WHAT IS EXPECTED: The answer must be an exact reprint of the lines from the one with "Style 005 For" through the final line of the data, with no pictures included.

SOURCE MATERIAL:
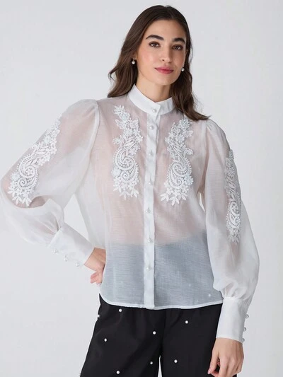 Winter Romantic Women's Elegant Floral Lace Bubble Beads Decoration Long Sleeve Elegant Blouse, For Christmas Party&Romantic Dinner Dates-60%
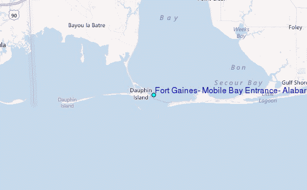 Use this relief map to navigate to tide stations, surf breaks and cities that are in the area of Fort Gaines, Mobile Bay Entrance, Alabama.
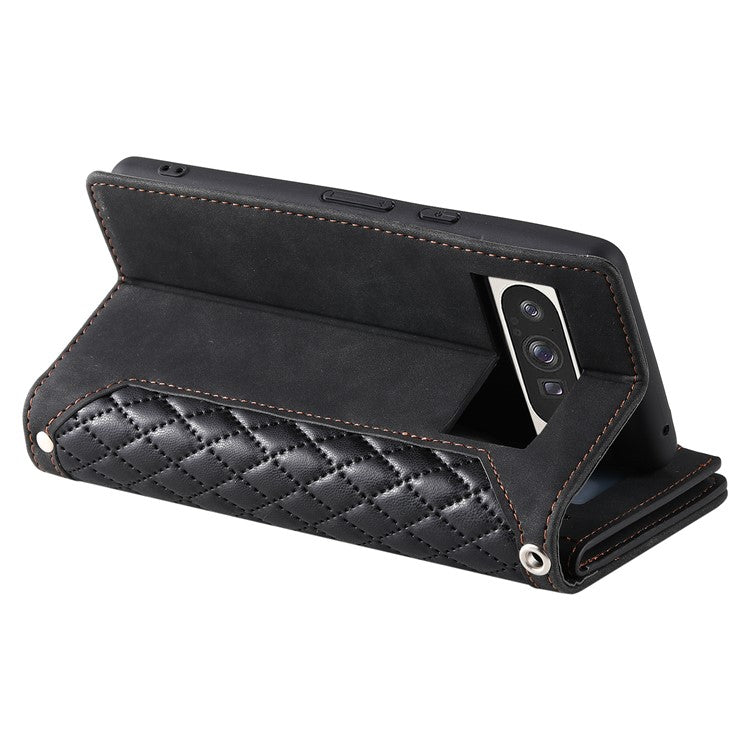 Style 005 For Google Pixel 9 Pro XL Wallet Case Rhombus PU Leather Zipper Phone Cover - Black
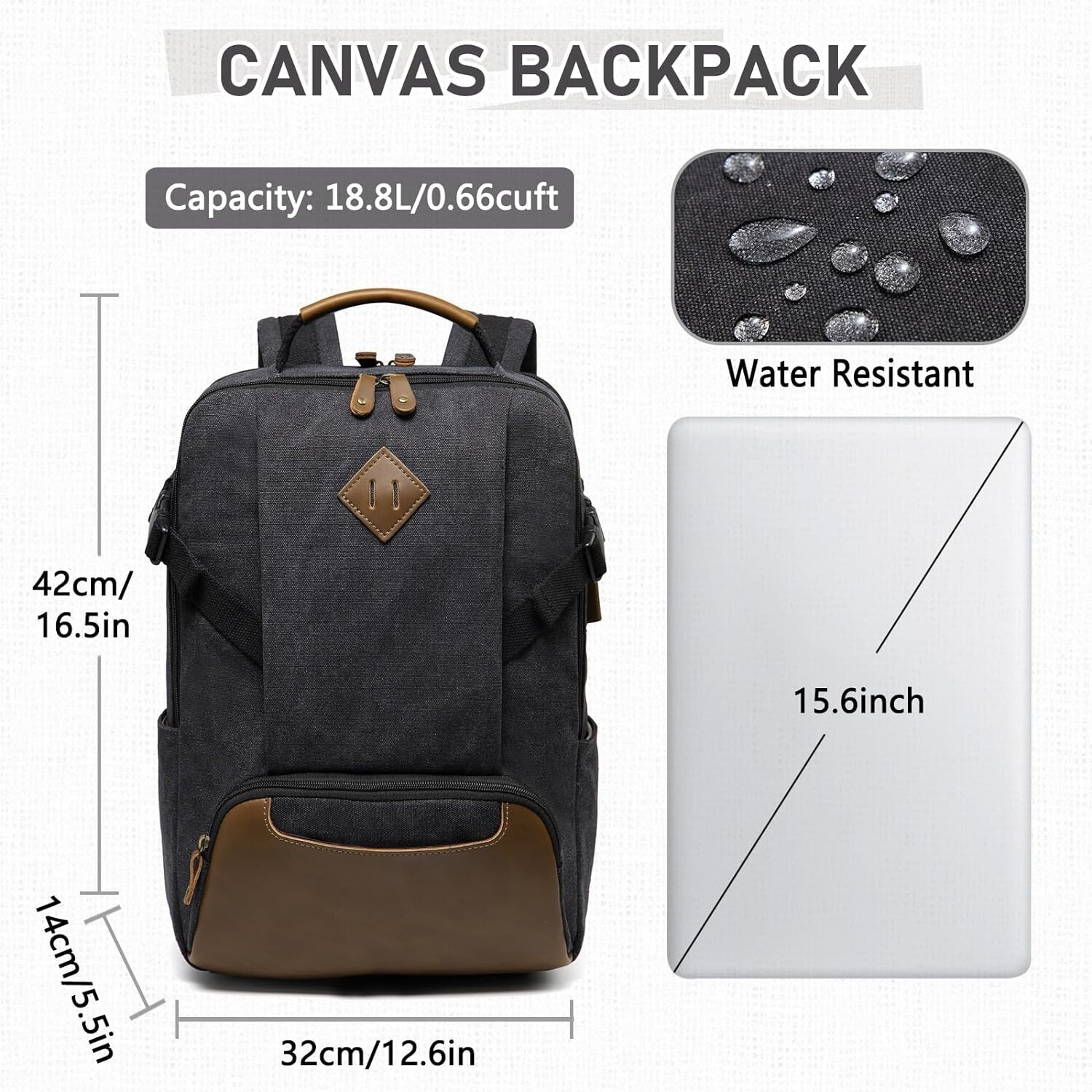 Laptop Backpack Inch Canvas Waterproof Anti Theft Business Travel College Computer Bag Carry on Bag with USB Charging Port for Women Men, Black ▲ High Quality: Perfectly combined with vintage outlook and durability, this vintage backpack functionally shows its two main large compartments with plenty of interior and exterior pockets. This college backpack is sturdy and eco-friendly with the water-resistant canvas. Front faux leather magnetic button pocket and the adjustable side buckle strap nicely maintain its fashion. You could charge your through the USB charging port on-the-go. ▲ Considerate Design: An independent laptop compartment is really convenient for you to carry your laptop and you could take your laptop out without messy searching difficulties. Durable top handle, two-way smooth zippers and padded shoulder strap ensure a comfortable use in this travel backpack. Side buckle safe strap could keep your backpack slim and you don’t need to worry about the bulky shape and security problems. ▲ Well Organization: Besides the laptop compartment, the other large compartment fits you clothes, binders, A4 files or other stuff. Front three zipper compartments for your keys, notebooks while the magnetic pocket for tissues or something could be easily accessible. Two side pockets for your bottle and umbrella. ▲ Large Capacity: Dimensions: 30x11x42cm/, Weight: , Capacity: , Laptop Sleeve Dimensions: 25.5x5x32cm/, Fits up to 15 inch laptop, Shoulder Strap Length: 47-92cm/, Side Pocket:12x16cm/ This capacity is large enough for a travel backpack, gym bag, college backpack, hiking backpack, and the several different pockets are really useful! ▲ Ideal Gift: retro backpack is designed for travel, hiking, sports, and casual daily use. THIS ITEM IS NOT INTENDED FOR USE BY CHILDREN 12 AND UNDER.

EXPECTED ANSWER:
 Style 005 For Google Pixel 9 Pro XL Wallet Case Rhombus PU Leather Zipper Phone Cover - Black
 Laptop Backpack Inch Canvas Waterproof Anti Theft Business Travel College Computer Bag Carry on Bag with USB Charging Port for Women Men, Black ▲ High Quality: Perfectly combined with vintage outlook and durability, this vintage backpack functionally shows its two main large compartments with plenty of interior and exterior pockets. This college backpack is sturdy and eco-friendly with the water-resistant canvas. Front faux leather magnetic button pocket and the adjustable side buckle strap nicely maintain its fashion. You could charge your through the USB charging port on-the-go. ▲ Considerate Design: An independent laptop compartment is really convenient for you to carry your laptop and you could take your laptop out without messy searching difficulties. Durable top handle, two-way smooth zippers and padded shoulder strap ensure a comfortable use in this travel backpack. Side buckle safe strap could keep your backpack slim and you don’t need to worry about the bulky shape and security problems. ▲ Well Organization: Besides the laptop compartment, the other large compartment fits you clothes, binders, A4 files or other stuff. Front three zipper compartments for your keys, notebooks while the magnetic pocket for tissues or something could be easily accessible. Two side pockets for your bottle and umbrella. ▲ Large Capacity: Dimensions: 30x11x42cm/, Weight: , Capacity: , Laptop Sleeve Dimensions: 25.5x5x32cm/, Fits up to 15 inch laptop, Shoulder Strap Length: 47-92cm/, Side Pocket:12x16cm/ This capacity is large enough for a travel backpack, gym bag, college backpack, hiking backpack, and the several different pockets are really useful! ▲ Ideal Gift: retro backpack is designed for travel, hiking, sports, and casual daily use. THIS ITEM IS NOT INTENDED FOR USE BY CHILDREN 12 AND UNDER.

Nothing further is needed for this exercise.